腸内細菌と運動が関連していることは、これまでも示唆されています。2019年の研究では、ボストンマラソンを走ったランナーとそうでない被験者を比べたところ、ランナーは便の中にいる特定の種の細菌がマラソン後に増えたことが示されました。

またこれらの腸内細菌は、マウスに移植すると運動能力を向上させることが分かりました。今回の研究では、少なくともマウスについてはいくつかの種の腸内細菌が期待感を高める神経伝達物質のドーパミンの産生を促し、より長時間の運動に対する報酬となっている可能性が示されました。

今回のペンシルベニア大学の研究チームは、運動意欲を失わせるものを知るため、遺伝的に多様な8種類のマウスで実験しました。マウスにおける運動意欲や激しい運動をする能力のばらつきの中には、遺伝子に関係するものもあります。

100世代以上にわたって繁殖させた「ハイランナーマウス」の系統では、DNAに特定の変化が起き、平均の3倍以上の距離を走ることを実験で示しています。またハイランナーマウスの腸内細菌は、あまり活動的でないマウスとは異なっていました。

腸内細菌を除去することが運動意欲に影響するかどうかを調べるため、ハイランナーマウスに抗生物質を投与しました。するとハイランナーマウスの自発的な運動が劇的に減少し、1日に走る距離が21%短くなったうえ、抗生物質の投与を止めてからの12日間では元に戻りませんでした。

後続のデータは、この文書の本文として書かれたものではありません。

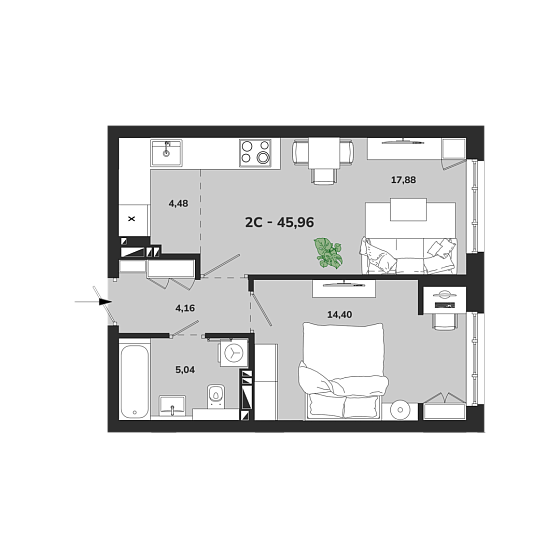 2с - 46.04 м2

今回の研究ではマウスの腸と脳の関係を探っています。実験の詳細は割愛しますが、遺伝子はマウスの運動の成績にごくわずかな影響しか及ぼしておらず、腸内細菌の違いがかなり重要であることが分かりました。

また幅広い種類の抗生物質を投与することでマウスの腸内細菌を除去すると、マウスの持続力は半分に低下しました。逆に運動の成績の良いマウスの腸内細菌を移植された無菌マウスは運動能力が大きく向上しました。

実際に運動意欲を高める2種類の細菌を同定しています。これはあくまでマウスでの実験ですので、ヒトに対して直接的な結論を出せるものではないとしていますが、やはり運動能力と腸内細菌は密接な関係がありそうな気がします。